**Work required:** Reproduce the listing word for word, leaving every picture behind.

**Supplied information:**
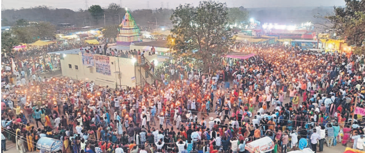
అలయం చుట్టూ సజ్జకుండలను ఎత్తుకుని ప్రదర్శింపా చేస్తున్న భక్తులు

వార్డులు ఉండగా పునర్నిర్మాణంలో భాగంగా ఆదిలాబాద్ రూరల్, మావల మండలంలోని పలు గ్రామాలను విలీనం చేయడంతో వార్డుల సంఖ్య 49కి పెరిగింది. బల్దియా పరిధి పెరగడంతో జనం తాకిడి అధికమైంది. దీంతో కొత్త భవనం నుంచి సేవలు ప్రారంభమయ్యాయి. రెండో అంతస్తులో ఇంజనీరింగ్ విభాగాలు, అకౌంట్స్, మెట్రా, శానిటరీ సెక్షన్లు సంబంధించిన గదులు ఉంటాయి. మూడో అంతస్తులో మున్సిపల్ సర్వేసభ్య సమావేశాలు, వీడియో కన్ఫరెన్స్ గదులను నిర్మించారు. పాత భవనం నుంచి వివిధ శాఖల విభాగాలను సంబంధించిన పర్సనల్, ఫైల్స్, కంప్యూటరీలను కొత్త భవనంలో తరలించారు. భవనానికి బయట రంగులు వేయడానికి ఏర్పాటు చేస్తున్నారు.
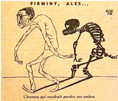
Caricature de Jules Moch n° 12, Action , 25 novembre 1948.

**Task solution:**
అలయం చుట్టూ సజ్జకుండలను ఎత్తుకుని ప్రదర్శింపా చేస్తున్న భక్తులు

వార్డులు ఉండగా పునర్నిర్మాణంలో భాగంగా ఆదిలాబాద్ రూరల్, మావల మండలంలోని పలు గ్రామాలను విలీనం చేయడంతో వార్డుల సంఖ్య 49కి పెరిగింది. బల్దియా పరిధి పెరగడంతో జనం తాకిడి అధికమైంది. దీంతో కొత్త భవనం నుంచి సేవలు ప్రారంభమయ్యాయి. రెండో అంతస్తులో ఇంజనీరింగ్ విభాగాలు, అకౌంట్స్, మెట్రా, శానిటరీ సెక్షన్లు సంబంధించిన గదులు ఉంటాయి. మూడో అంతస్తులో మున్సిపల్ సర్వేసభ్య సమావేశాలు, వీడియో కన్ఫరెన్స్ గదులను నిర్మించారు. పాత భవనం నుంచి వివిధ శాఖల విభాగాలను సంబంధించిన పర్సనల్, ఫైల్స్, కంప్యూటరీలను కొత్త భవనంలో తరలించారు. భవనానికి బయట రంగులు వేయడానికి ఏర్పాటు చేస్తున్నారు.
Caricature de Jules Moch n° 12, Action , 25 novembre 1948.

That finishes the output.